:: What this task involves ::
Of the lines below, copy those that hold the word "Social".

:: Input records ::
*** Begin section ***

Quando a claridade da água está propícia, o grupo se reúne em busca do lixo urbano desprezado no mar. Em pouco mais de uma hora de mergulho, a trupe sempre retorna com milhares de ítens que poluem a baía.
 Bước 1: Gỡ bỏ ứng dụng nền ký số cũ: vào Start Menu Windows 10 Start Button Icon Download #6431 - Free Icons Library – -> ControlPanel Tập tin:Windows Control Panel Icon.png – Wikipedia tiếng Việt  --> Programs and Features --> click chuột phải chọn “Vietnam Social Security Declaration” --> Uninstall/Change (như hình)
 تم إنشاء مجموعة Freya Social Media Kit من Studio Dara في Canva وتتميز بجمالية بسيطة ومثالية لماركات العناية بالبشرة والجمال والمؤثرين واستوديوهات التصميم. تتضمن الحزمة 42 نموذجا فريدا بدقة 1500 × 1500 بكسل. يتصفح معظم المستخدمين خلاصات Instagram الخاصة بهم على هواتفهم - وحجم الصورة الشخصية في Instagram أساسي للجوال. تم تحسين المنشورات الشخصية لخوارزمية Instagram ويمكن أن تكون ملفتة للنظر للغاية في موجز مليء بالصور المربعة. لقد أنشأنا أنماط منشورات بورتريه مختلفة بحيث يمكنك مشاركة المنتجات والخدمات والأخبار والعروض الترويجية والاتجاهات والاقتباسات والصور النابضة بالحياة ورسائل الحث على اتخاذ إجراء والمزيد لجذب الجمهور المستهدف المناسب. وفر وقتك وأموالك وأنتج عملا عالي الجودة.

*** End section ***
*** Begin section ***

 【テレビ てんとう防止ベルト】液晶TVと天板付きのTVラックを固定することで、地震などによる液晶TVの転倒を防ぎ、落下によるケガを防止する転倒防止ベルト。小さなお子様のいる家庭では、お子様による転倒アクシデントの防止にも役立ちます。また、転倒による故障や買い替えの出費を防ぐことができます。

*** End section ***

:: Reply to the task ::
 Bước 1: Gỡ bỏ ứng dụng nền ký số cũ: vào Start Menu Windows 10 Start Button Icon Download #6431 - Free Icons Library – -> ControlPanel Tập tin:Windows Control Panel Icon.png – Wikipedia tiếng Việt  --> Programs and Features --> click chuột phải chọn “Vietnam Social Security Declaration” --> Uninstall/Change (như hình)
 تم إنشاء مجموعة Freya Social Media Kit من Studio Dara في Canva وتتميز بجمالية بسيطة ومثالية لماركات العناية بالبشرة والجمال والمؤثرين واستوديوهات التصميم. تتضمن الحزمة 42 نموذجا فريدا بدقة 1500 × 1500 بكسل. يتصفح معظم المستخدمين خلاصات Instagram الخاصة بهم على هواتفهم - وحجم الصورة الشخصية في Instagram أساسي للجوال. تم تحسين المنشورات الشخصية لخوارزمية Instagram ويمكن أن تكون ملفتة للنظر للغاية في موجز مليء بالصور المربعة. لقد أنشأنا أنماط منشورات بورتريه مختلفة بحيث يمكنك مشاركة المنتجات والخدمات والأخبار والعروض الترويجية والاتجاهات والاقتباسات والصور النابضة بالحياة ورسائل الحث على اتخاذ إجراء والمزيد لجذب الجمهور المستهدف المناسب. وفر وقتك وأموالك وأنتج عملا عالي الجودة.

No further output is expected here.